Dive Brief:
- A federal judge ordered a Michigan TV and video service company to pay more than $60,000 in retirement contributions and penalties after violating the Employee Retirement Income Security Act, the U.S. Department of Labor announced Feb. 1.
- DOL's Employee Benefits Security Administration investigated Gibson Television Service Inc. and found that its president and director failed to "remit and/or forward employee contributions" to the company 401(k) on time. These violations occurred between January 2016 and August 2019.
- Gibson Television did not respond to a request for comment by press time.
Dive Insight:
According to DOL, ERISA "is a federal law that sets minimum standards for most voluntarily established retirement and health plans in private industry to provide protection for individuals in these plans." Gibson Television violated ERISA when it failed to tend to employee contributions on time.

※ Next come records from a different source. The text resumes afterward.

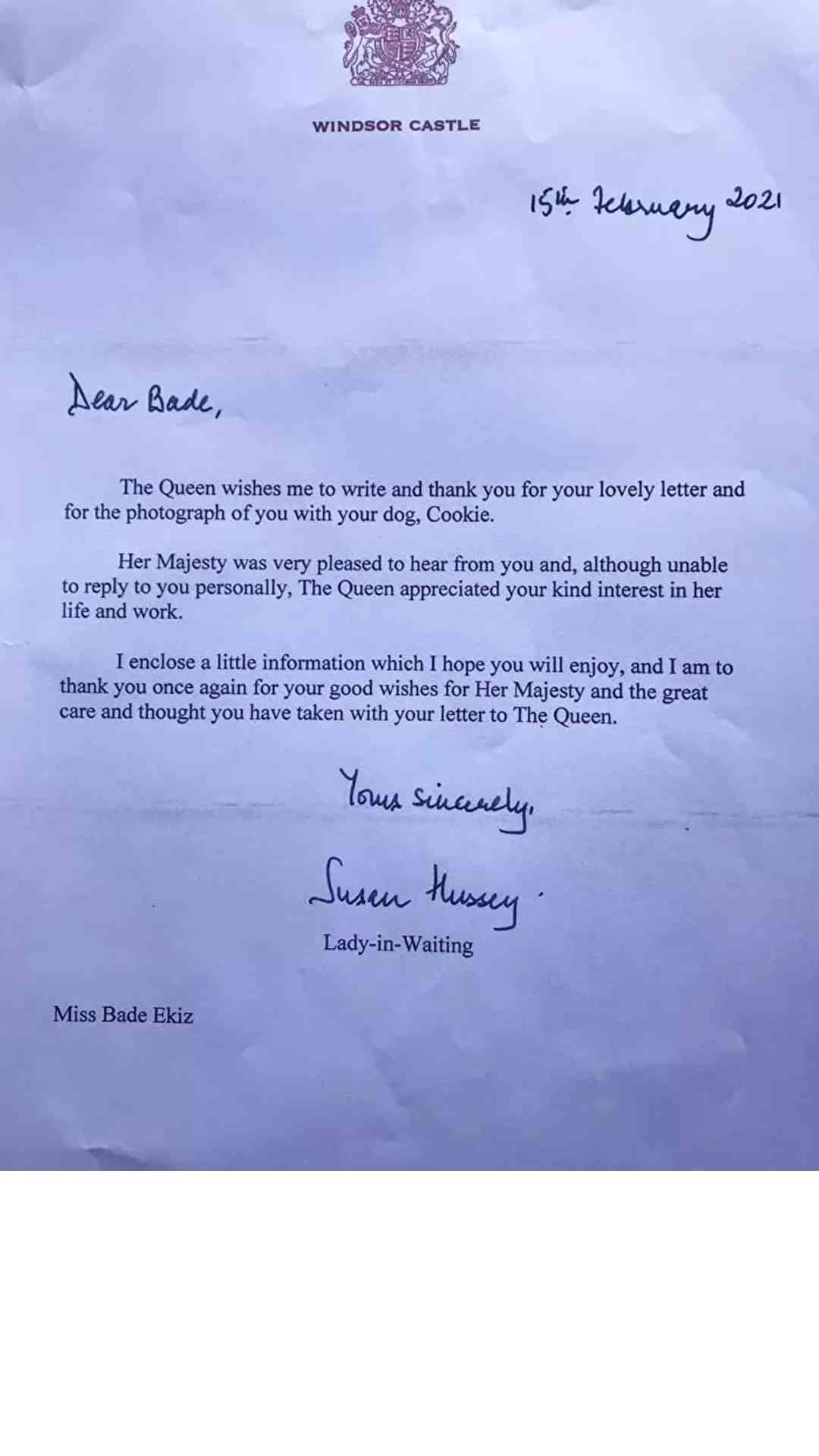 Öğrenci Bade Ekiz’in köpeğiyle fotoğrafını da eklediği mektubun kendilerinde büyük bir memnuniyet oluşturduğunu ve kraliçe hakkında iyi dilekleri için de teşekkürlerini iletti.
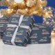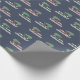 This patterned wrapping paper is perfect for Christmas. The gift wrap features illustrations of pontoon boots with a Christmas tree on top set against a navy blue background.
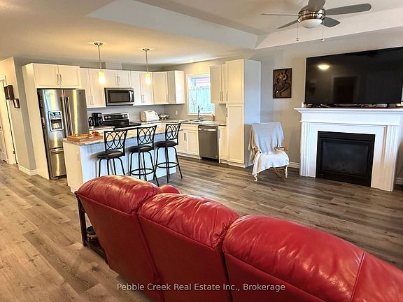 Welcome to an amazing lifestyle! Imagine living along the shores of Lake Huron, close to Goderich with its historic town square and abundance of shopping, fantastic golf courses and your own private community recreation center with indoor pool, library and entertainment facilities. This very popular Cliffside B with Sunroom model features nearly 1600 sq ft of living space and a long list of upgrades! Once you step inside this beautiful home, you will be impressed with the spacious open concept, living room with gas fireplace and tray ceiling! The adjacent kitchen offers an abundance of cabinets with oversized center island, pots and pan drawers, pantry, corner turntable and upgraded appliances. The dining room also sports a tray ceiling and the cozy sunroom has a vaulted ceiling and patio doors leading to the extended size composite deck with privacy screen at the end. There's also a large primary bedroom with walk-in closet and 3 pc ensuite bath and a spacious guest room with 4pc bath right beside. Additional features include kitchen pantry and extended height cabinets as well as upgraded light fixtures. Also located throughout the home are custom blinds which are sure to impress! The home offers plenty of storage options as well with an attached 2 car garage, lots of closets and a full crawl space underneath! Situated in The Bluffs at Huron land lease community, just a few streets back from the lake and rec center, this home is a must see for anyone considering moving to this upscale adult subdivision! Bonus 6 appliances included!
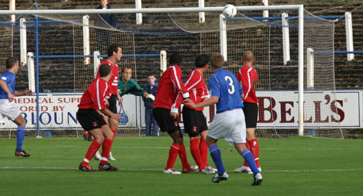 Just after the half-hour mark it was 2-0 to the visitors, this time a corner from the left was not cleared as Murray and Thomson challenged, the ball fell to Kevin Gray who hammered it home through a ruck of players from twelve yards. And three minutes later a Jim Thomson fresh air slice at the ball was fortunate to find Richie Barnard immediately in its line as the defence looked at its shakiest this pre-season. The first half ended and you could say that we were never really in it.

"When fiduciaries fail to act with integrity in their obligations to the hard-earned retirement savings of participants it puts the future savings of hard-working employees and the viability of their retirement plan in jeopardy," said Employee Benefits Security Administration Regional Director L. Joe Rivers in DOL's press release.
In guidance, DOL says that the primary responsibility of fiduciaries lies in running retirement plans "solely in the interest of participants and beneficiaries and for the exclusive purpose of providing benefits and paying plan expenses." Fiduciary duty includes acting prudently and diversifying the plan's investment to minimize risk of large loss.
In a previous interview with HR Dive, Jacob M. Mattinson emphasized that ERISA's requirements lean heavily on process. The law exists to ensure employers take the necessary steps to ensure compliance, even if they've made a mistake. It encourages employers to self-report any missteps.